#### Work to complete:
Only the lines from the one with "Portkeys BM5 IV" through the end of the material are wanted, copied exactly and with the pictures left out.
━━━━
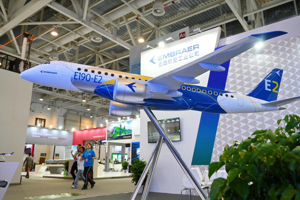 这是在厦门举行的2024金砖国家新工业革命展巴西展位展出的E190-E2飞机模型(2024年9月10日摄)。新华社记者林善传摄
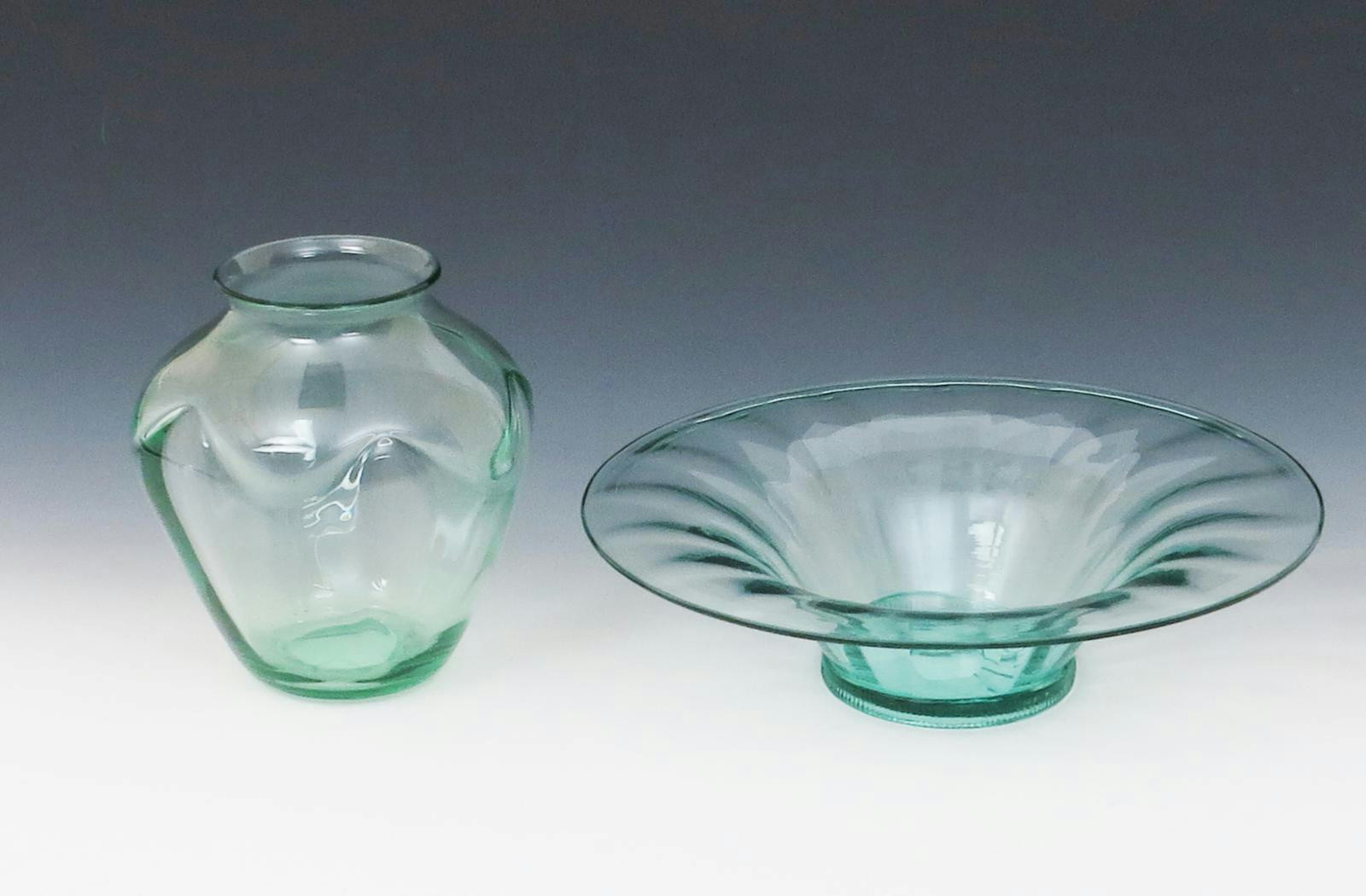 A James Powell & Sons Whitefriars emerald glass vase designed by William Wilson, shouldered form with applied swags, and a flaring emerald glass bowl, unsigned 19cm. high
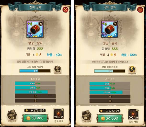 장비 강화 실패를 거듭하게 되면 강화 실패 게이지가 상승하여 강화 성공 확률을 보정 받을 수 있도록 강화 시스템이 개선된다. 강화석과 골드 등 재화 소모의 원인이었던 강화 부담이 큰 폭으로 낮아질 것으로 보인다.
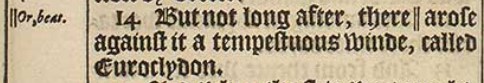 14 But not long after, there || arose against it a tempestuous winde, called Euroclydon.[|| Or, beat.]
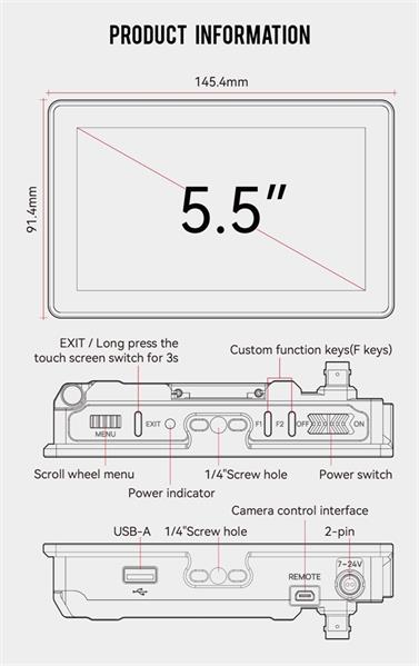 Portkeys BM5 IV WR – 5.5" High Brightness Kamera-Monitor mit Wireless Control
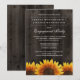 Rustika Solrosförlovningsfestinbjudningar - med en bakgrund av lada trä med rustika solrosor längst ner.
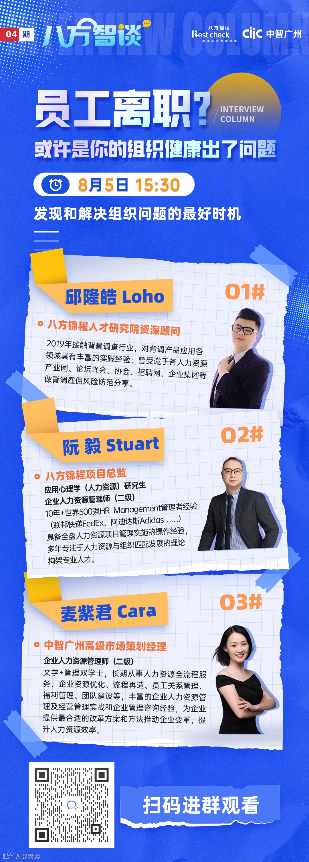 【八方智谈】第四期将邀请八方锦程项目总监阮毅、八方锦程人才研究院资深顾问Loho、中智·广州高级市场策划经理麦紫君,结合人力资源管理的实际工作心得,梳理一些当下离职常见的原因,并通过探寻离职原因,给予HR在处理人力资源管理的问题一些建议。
━━━━
#### Answer section:
 Portkeys BM5 IV WR – 5.5" High Brightness Kamera-Monitor mit Wireless Control
 Rustika Solrosförlovningsfestinbjudningar - med en bakgrund av lada trä med rustika solrosor längst ner.
 【八方智谈】第四期将邀请八方锦程项目总监阮毅、八方锦程人才研究院资深顾问Loho、中智·广州高级市场策划经理麦紫君,结合人力资源管理的实际工作心得,梳理一些当下离职常见的原因,并通过探寻离职原因,给予HR在处理人力资源管理的问题一些建议。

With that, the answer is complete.